Due to return to academia in the fall of 2010, the two lawyers finished their second Awlaki memorandum, whose reasoning was widely approved by other administration lawyers, that summer. It had ballooned to about 63 pages but remained narrowly tailored to Mr. Awlaki’s circumstances, blessing lethal force against him without addressing whether it would also be permissible to kill citizens, like low-ranking members of Al Qaeda, in other situations.
Nearly three years later, a version of the legal analysis portions would become public in the “white paper,” which stripped out all references to Mr. Awlaki while retaining echoes, like its discussion of a generic “senior operational leader.” Divorced from its original context and misunderstood as a general statement about the scope and limits of the government’s authority to kill citizens, the free-floating reasoning would lead to widespread confusion.

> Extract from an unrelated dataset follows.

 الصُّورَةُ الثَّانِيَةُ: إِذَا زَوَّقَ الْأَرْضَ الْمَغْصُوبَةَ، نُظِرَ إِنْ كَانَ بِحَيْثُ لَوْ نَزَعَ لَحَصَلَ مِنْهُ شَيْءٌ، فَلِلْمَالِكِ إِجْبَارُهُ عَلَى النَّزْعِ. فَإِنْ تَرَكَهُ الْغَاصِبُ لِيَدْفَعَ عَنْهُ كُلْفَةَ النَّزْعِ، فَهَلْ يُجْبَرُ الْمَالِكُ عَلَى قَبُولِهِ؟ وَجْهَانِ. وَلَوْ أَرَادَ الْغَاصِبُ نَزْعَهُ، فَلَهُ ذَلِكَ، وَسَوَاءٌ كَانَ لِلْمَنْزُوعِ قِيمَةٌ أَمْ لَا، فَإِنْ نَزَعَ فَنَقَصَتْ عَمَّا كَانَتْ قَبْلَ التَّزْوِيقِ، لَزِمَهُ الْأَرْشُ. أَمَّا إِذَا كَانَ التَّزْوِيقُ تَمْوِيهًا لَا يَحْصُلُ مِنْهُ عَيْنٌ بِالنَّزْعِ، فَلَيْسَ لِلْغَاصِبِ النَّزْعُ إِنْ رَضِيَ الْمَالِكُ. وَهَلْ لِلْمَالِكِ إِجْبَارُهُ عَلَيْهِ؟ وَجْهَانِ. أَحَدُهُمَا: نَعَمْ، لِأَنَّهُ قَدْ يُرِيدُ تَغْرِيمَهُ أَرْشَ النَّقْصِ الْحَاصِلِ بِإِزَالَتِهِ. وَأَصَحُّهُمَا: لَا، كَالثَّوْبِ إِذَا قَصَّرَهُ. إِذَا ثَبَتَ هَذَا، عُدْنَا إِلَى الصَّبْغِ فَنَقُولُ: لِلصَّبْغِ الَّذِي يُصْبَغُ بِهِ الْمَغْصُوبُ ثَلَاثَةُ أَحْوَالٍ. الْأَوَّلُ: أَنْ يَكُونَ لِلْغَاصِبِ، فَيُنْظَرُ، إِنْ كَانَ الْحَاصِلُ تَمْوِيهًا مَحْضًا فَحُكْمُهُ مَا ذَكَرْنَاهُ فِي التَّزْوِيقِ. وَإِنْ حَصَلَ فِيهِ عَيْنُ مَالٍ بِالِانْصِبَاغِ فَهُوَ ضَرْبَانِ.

Did Nazi lawyers tell Hitler is was legal to kill Jews? The reason I ask is I can easily picture some future war crimes tribunal reviewing these memos at the trial of Obama administration officials. If Barron and Lederman were on trial the memos would be introduced by the prosecution to show their complicity with multiple murders.
But I could also imagine them being introduced by other defendants trying to argue that they were “just following orders”. Either way I would not expect the memos to be helpful to the defense. In fact I would consider them to be damning evidence.
Imagine this scenario: Police are looking for a suspected killer. There are warrants for his arrest. They believe they have located him. Under which of the following circumstances can they legally shoot him without warning?
A) He is driving down the road unaware the the police are following him.
B) He is fleeing at high speed from the police.
C) He is sitting in a restaurant eating a meal with friends and family.
D) He is robbing the restaurant at gunpoint.
E) He may have a weapon.
F) He is brandishing a weapon.
Under our laws the police may not shoot someone just because they are wanted for a crime, no matter how strong the evidence might be. They have to attempt to arrest him and if he resists or flees deadly force may be authorized.
What’s that you say? Due process does not apply to enemy combatants in war time? That raises a number of issues.
1. Who exactly are we “at war” with?
2. How do you define and/or identify “enemy combatants?”
3. Do the Geneva Conventions apply to enemy combatants?
This whole area is a really scary deal. We are forced to rely completely on the government’s word and they slap a big “Classified” label on everything so they don’t have to tell us anything. Imagine a trial where the jury wasn’t allowed to see the evidence and the defendant was not allowed to participate.
That’s basically what is happening. The administration determines whether the person is an “enemy combatant” as well as their guilt. There is no defense case. Verdict is reached and sentence is passed in secret. There is no appeal. After the sentence is carried out we might be informed of that fact but the evidence remains classified. There is no independent investigation or review.
We’re just supposed to trust our government.
One last question – did anyone in the Obama administration reach any different conclusions? I have a little bit of experience at preparing legal memoranda. This type of memo usually presents arguments both for and against. I find it hard to believe that none of the administration’s lawyers had any legal qualms about targeted assassination.
After all, we’re talking about cold-blooded murder.
BTW – I really don’t understand the distinction between drone targets that are American citizens and those who are not. Murder is murder and any human being can be a victim.